Publicado el 22 Octubre, 2013 a las 9:14 am

Unas cuantas verdades sobre la “Ley Monsanto” (compilación de noticias)

Dejamos con ustedes 3 noticias sobre la amenaza de Monsanto. 2 referidas a la actualidad del avance de Monsanto en la región chilena y en lo que va la aprobación de la ley de obtentores vegetales que es la que le daría libre desarrollo al biopoder transnacional de la empresa transgenica en nuestro territorio. La última noticia es de raul Zibechi y analiza sucintamente en lo que va la oposición a Monsanto a nivel Latinoamericano.

monsanto conce

ANPROS, el gremio de los productores de semillas híbridas y transgénicas, nos acusa de propalar “mitos” sobre la Ley de Obtentores Vegetales, rebautizada por nosotros como “Ley Monsanto–von Baer”. Pero ellos se están quedando solos con sus mentiras. La ley no se votará hasta después de las elecciones y ya 21 senadores han expresado su rechazo. La ex Presidenta Bachelet presentó el proyecto en 2010, en un país desinformado. Hoy, cada vez más chilenos conocen la semilla de maldad de Monsanto.

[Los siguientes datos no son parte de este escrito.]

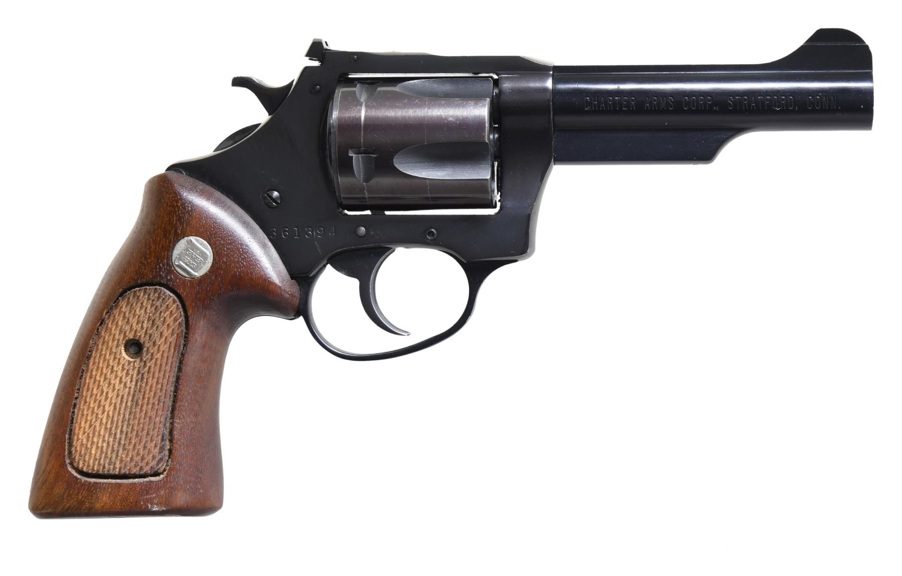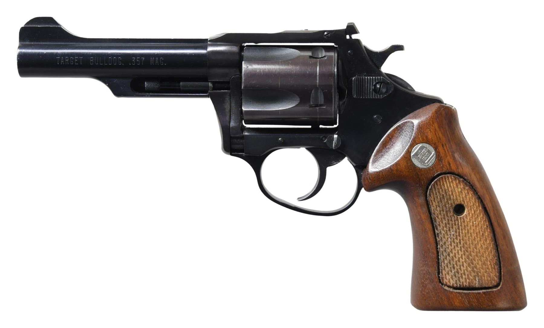 REVOLVER WITH LEATHER CASE. Cal. 357. S# 361394. Bbl. 4". Target Bulldog double action revolver mfg. by Charter Arms. Left side of the alloy bbl. sleeve is marked "TARGET BULLDOG .357 MAG.", with Charter Arms' mfg. information marked on the right. Steel frame, cyl., trigger, and other small parts exhibit a blue finish, with the aluminum bbl. sleeve and trigger guard exhibiting a black enamel type finish. Hammer exhibits a case color hardened finish. Frame is mounted with 2-piece Charter Arms silver medallion checkered wood grips. Ramped blade front sight, with square notch rear sight. UNATTACHED ACCESSORIES: brown leather soft case. CONDITION: good, with metal components retaining the majority of their original factory finishes, exhibiting scattered superficial handling marks and some light wear overall. Mirror bore, exhibiting strong rifling throughout. Grips are good, showing some scattered superficial marks from handling and storage. Leather case exhibits wear, but otherwise remains sturdy and serviceable. (25-1575/MLW). MODERN. $200-300.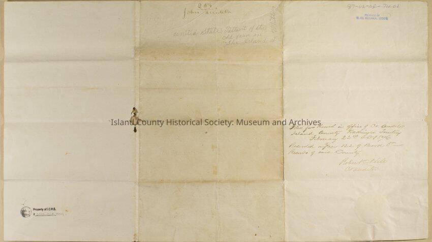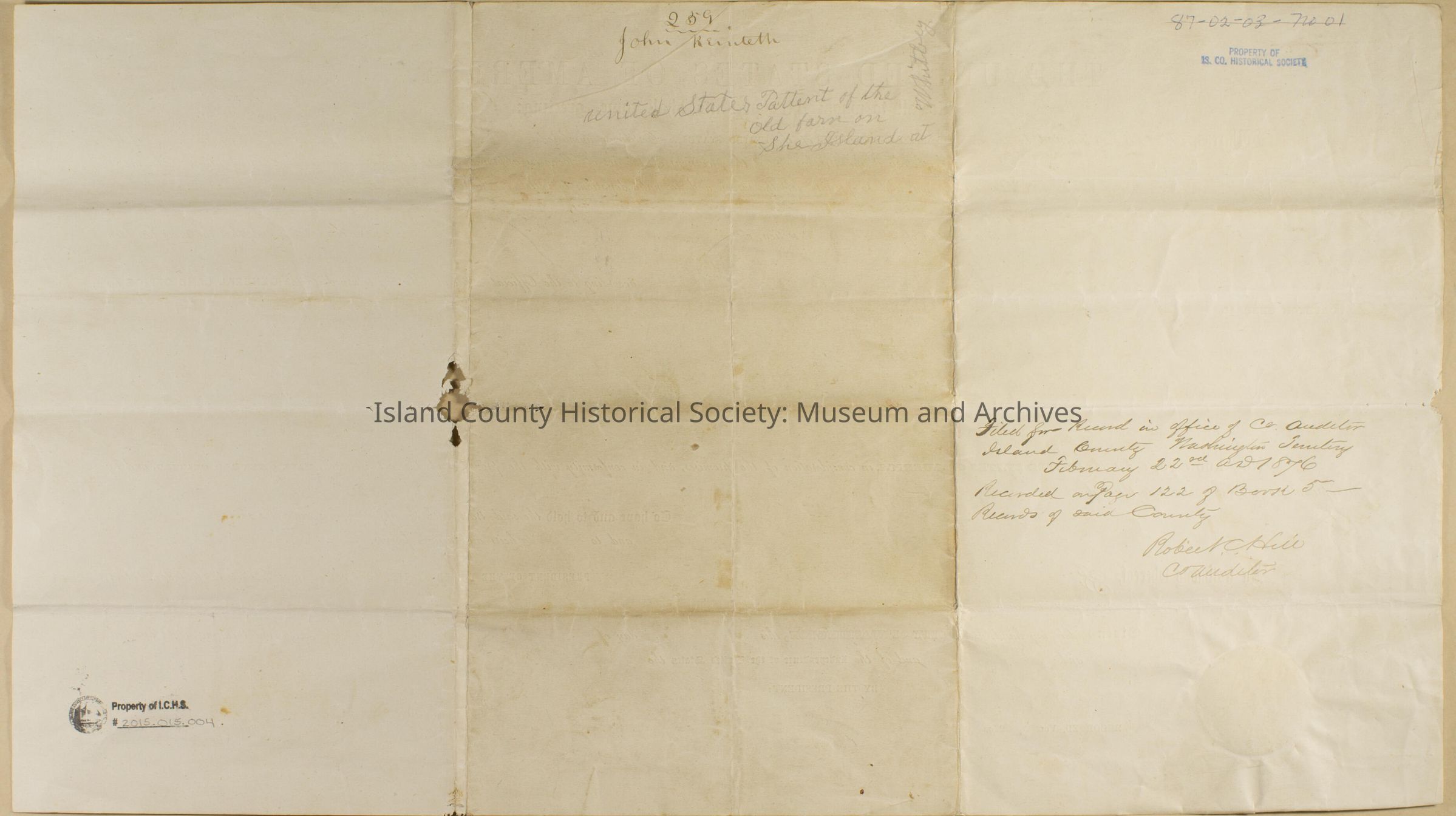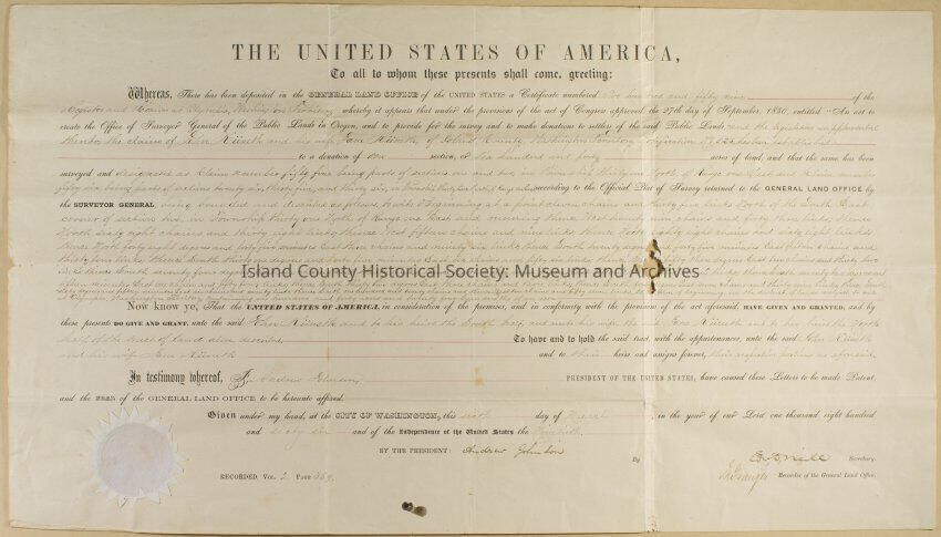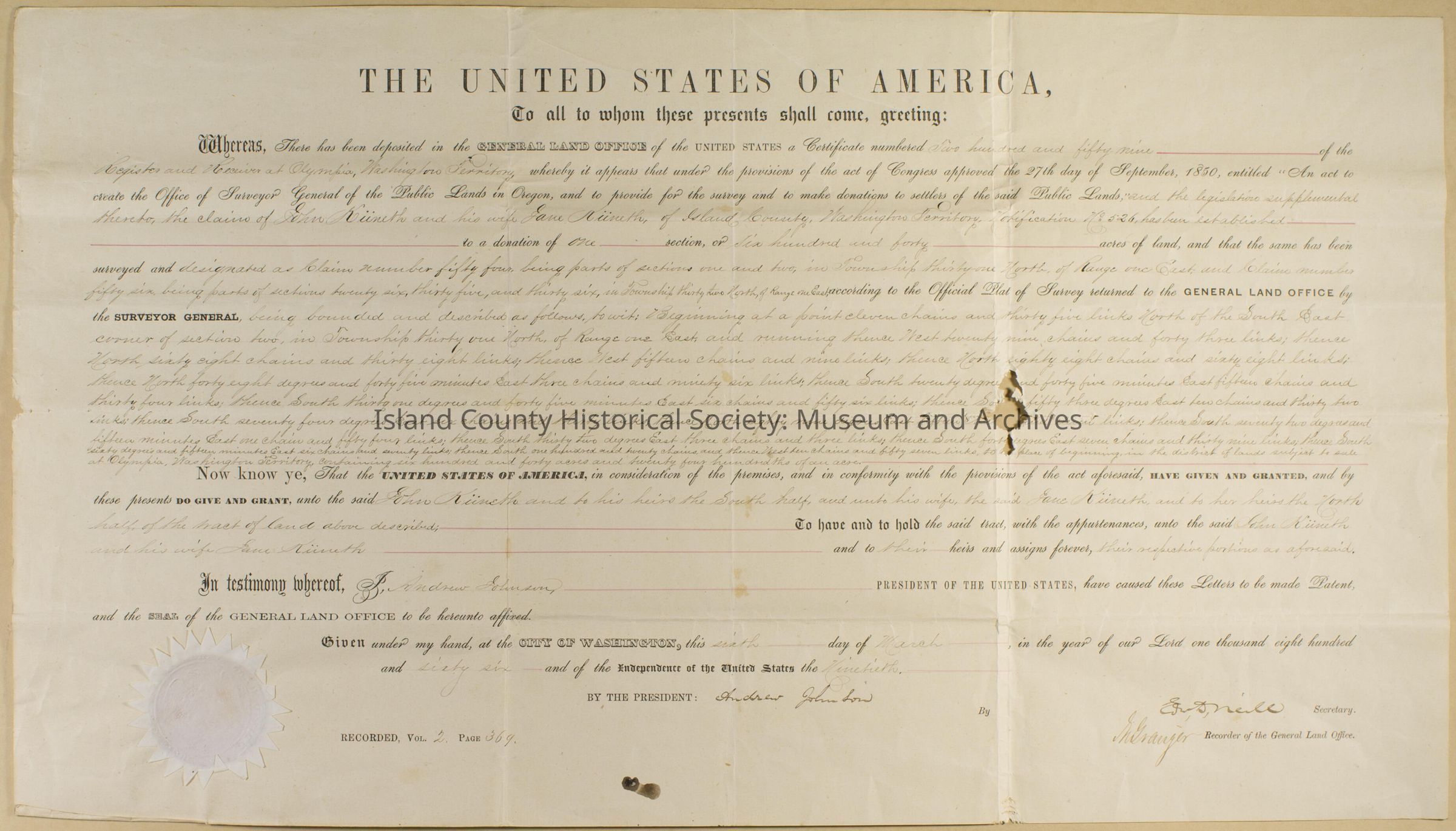 Certificate land grant claim, John and Jane Kineth; 1866 Front & back of certificate

Este proyecto despoja de sus derechos a la agricultura familiarcampesina, que abastece a las ferias libres. Según esta ley, los productores no pueden vender, intercambiar ni sembrar más semilla de su cosecha que el equivalente de lo sembrado. El artículo 48 de la “Ley Monsanto” da derecho a guardar semillas de sólo algunas especies, como las papas, y permite la requisa judicial de cosechas en caso de denuncia de infracciones.

Esta es una ley innecesaria. La actual da enormes ganancias por royalties a los obtentores. Los pequeños productores rurales dependen del mercado y organismos públicos como Indap, Prodesal y los PDTI (Programas de Desarrollo Territorial Indígena), que les entregan con créditos y subsidios semilla “mejorada”. Sin embargo, las empresas no toleran que haya campesinos que aún guarden la semilla.

Todavía en Chile se usan variedades que no figuran en listados ni registros nacionales. Los precios de las variedades mejoradas son escandalosos: entre un 2.000% y un 7.000% más caros que los de las corrientes o estándar. Las variedades cuyo registro vence, desaparecen.

Hoy en el registro SAG no hay plantas medicinales. Pero este proyecto permite registrar cualquier variedad de planta “creada o descubierta” por el obtentor, siempre que sea nueva, distinta, homogénea, estable. Fácil, porque “nueva” es que no esté en el comercio, y las variedades locales son homogéneas y estables.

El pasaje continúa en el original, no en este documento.